И хотя он этого не знал, бегая по городу в те первые дни осени, часы отстукивали время, неумолимо приближая его конец. Для безучастного ока нацистского молоха он был еще одним подлежащим уничтожению нулем. Так что, когда в то мокрое серое ноябрьское утро Софи, одиноко молившаяся в церкви Святой Девы Марии, почувствовала, как она уже говорила, что-то неладное и, вскочив с колен, бросилась к университету, а там обнаружила, что прекрасный средневековый двор оцеплен немецкими солдатами, державшими под прицелом винтовок и автоматов сто восемьдесят преподавателей и профессоров, ее отец и Казик были среди этих несчастных, которые стояли, дрожа от холода, воздев руки к небесам. Но больше она никогда их не видела. В более поздней, видоизмененной (и, я уверен, более правдивой) версии она сказала мне, что не почувствовала настоящего горя, увидев, что фашисты забрали и ее отца, и мужа – к тому времени она уже слишком отдалилась от них, и это не могло глубоко задеть ее, – но она всем существом ощутила шок другого порядка: леденящий страх и опустошающее чувство утраты. Она перестала ощущать себя человеком, личностью. Ведь если немцы могли так нагло повести себя с десятками и десятками беззащитных, ничего не подозревавших преподавателей, это говорит о том, что в ближайшие годы Польшу ждут бог весть какие ужасы. И уже по одной этой причине, не считая ничего прочего, она бросилась, рыдая, в объятия матери. А вот ее мать была по-настоящему сломлена горем. Мягкая, ни над чем не задумывавшаяся, покорная женщина, она до конца сохранила преданную любовь к мужу, и Софи, разыгрывая ради нее отупелое горе, не могла не страдать оттого, что так страдала мать.
Что же до профессора, которого, словно личинку, засосало в огромный могильник концлагеря Заксенхаузен, зловещий отросток бесчувственного левиафана, средоточие человеческой скорби, созданное за годы до него в концлагере Дахау, все его усилия выбраться оттуда оказались тщетны. Ирония же ситуации состоит в том, что немцы явно по чистой случайности засадили и обрекли на смерть человека, которого со временем могли бы счесть величайшим пророком, эксцентричного славянского философа, который еще до Эйхмана и его сообщников (пожалуй, даже до Адольфа Гитлера, выносившего и задумавшего все это) предвидел «окончательное решение» и имел при себе вещественное тому доказательство. «Ich habe meine Flugschrift, – жалобно писал он матери Софи, сумев каким-то образом переправить письмо, единственную весточку, которую они от него получили. – Моя брошюра при мне. Ich verstehe nicht, warum… я не в состоянии понять, почему я не могу пробиться к местному начальству и доказать…»

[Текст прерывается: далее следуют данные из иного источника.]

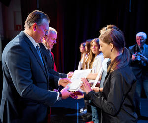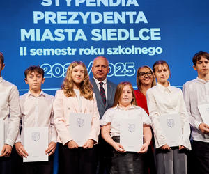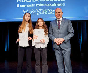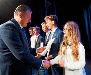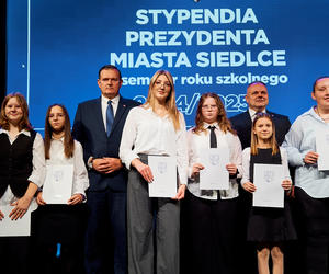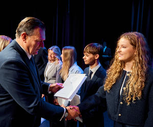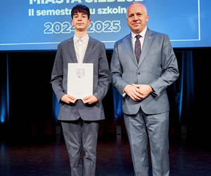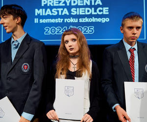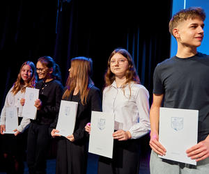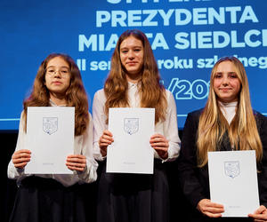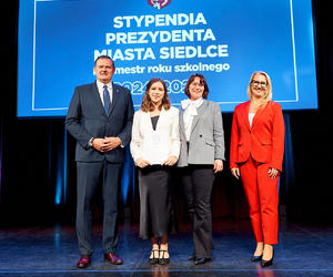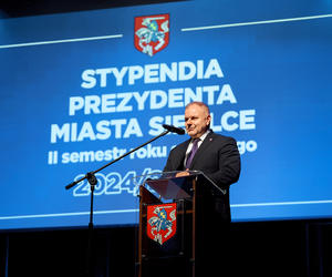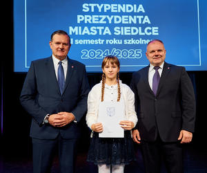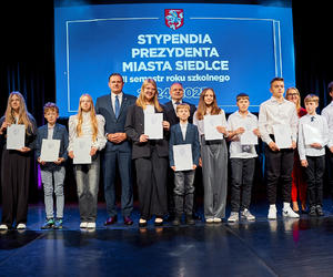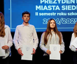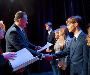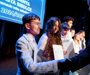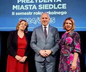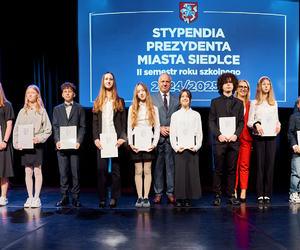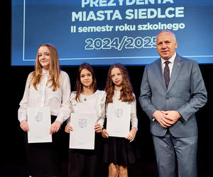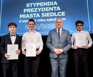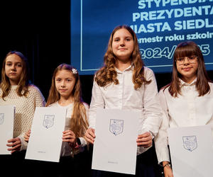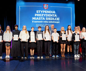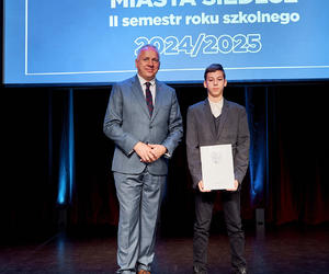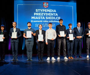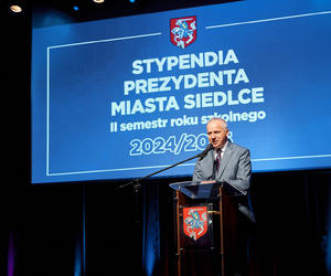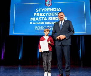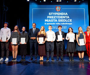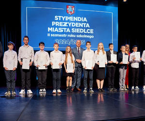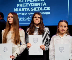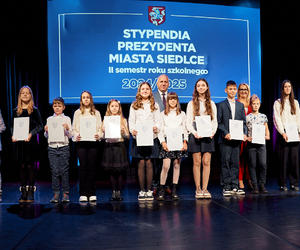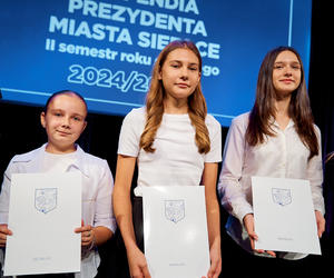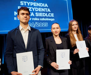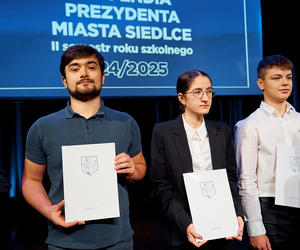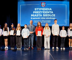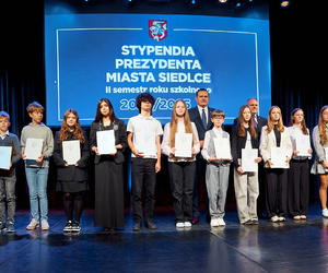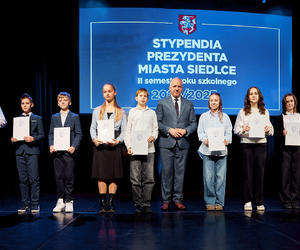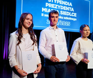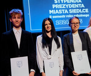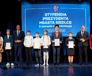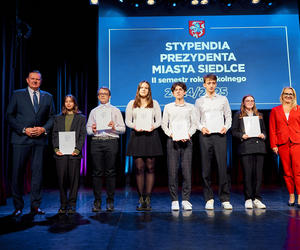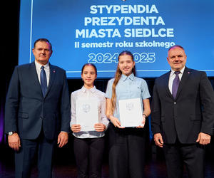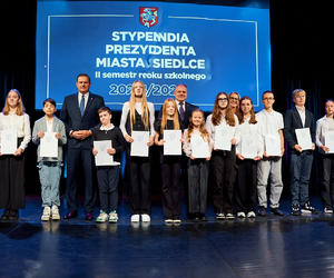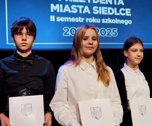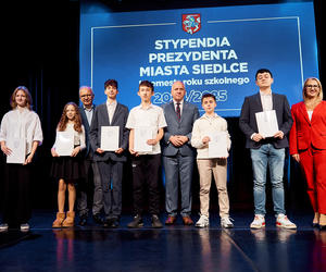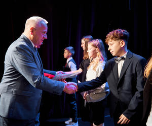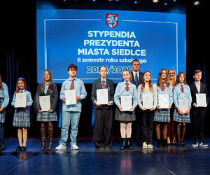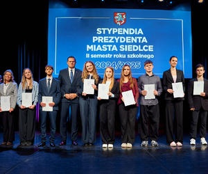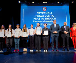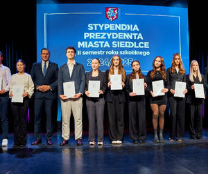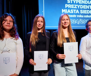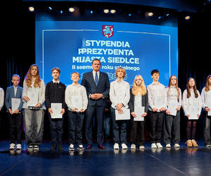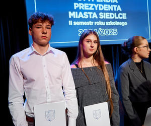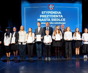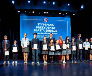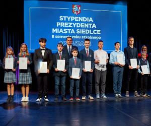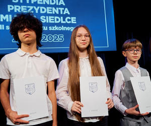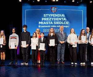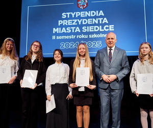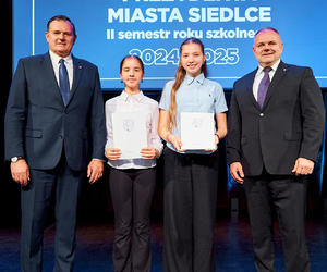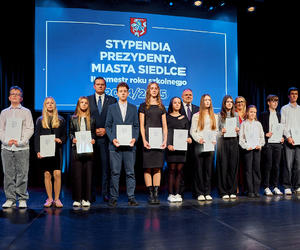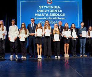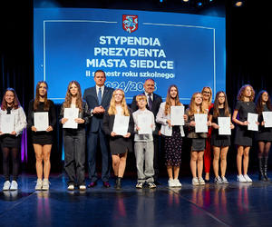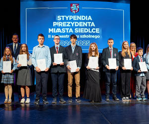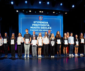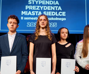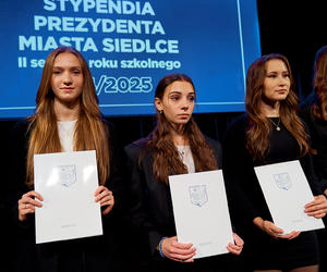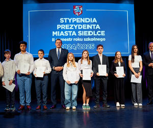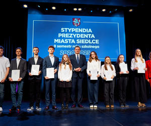 12 listopada 2025 r. w Sali Widowiskowej Podlasie MOK Prezydent Miasta Siedlce Tomasz Hapunowicz oraz Zastępca Prezydenta Maciej Nowak złożyli gratulacje oraz wręczyli listy gratulacyjne dla stypendystów z następujących szkół:

Власть мертвой плоти, как и мертвой любви, поразительно сильна, она особенно цепка, когда любовь запечатлена в памяти ребенка: вот отец идет рядом с ней, вот гладит ее спутанные льняные волосы; а вот они едут в двуколке, запряженной пони, летним утром, среди благоухания и птичьего пения в садах под замком Вавель. Софи помнила это, и ее пронзила острая боль, когда пришла весть о его смерти и она мысленным взором увидела, как он падает, падает – до последнего мгновения протестуя, твердя, что они ошиблись, он не тот человек, – под градом пуль у стены Заксенхаузена.
Десятое
Глубоко утопленный в земле подвал с толстыми каменными стенами, где в Доме Хесса ночевала Софи, был одним из немногих мест в лагере, куда не проникал запах паленого человеческого мяса. Этим в известной мере объяснялось то, что Софи при малейшей возможности укрывалась там, хотя у стены, где лежал ее соломенный тюфяк, было сыро, темно, пахло гнилью и плесенью. Слышно было, как где-то за стенами непрерывно бежит по трубам вода из раковин и туалетов наверху, а по ночам Софи порою просыпалась, разбуженная мелькнувшей как тень крысой. И тем не менее это сумрачное чистилище было куда лучше любого барака – даже того, где она в течение полугода жила с несколькими десятками других относительно привилегированных узниц, работавших в конторах лагеря. Хотя они не подвергались там жестокостям и унижениям, которые были участью остальных рядовых обитателей лагеря, в бараке вечно стоял шум и не было возможности уединиться, поэтому Софи больше всего страдала от почти постоянного недосыпания. А кроме того, она не в состоянии была держать себя в чистоте. Здесь же она делила жилье лишь с горсткой узников. И одним из райских удобств этого подвала было соседство с прачечной. Софи с благодарностью использовала эту возможность – да, собственно, ей это было бы вменено в обязанность, поскольку владелица поместья Гедвига Хесс, как все домохозяйки Вестфалии, маниакально не терпела грязи и следила за тем, чтобы узники, живущие под ее крышей, содержали себя и свою одежду не просто опрятно, а в гигиенической чистоте: им предписывалось пользоваться при стирке сильными стерилизующими средствами, и потому от всех, кто жил в Доме Хесса, исходил запах бактерицида. Была для этого и еще одна причина: фрау Хесс смертельно боялась подцепить в лагере какую-нибудь заразу.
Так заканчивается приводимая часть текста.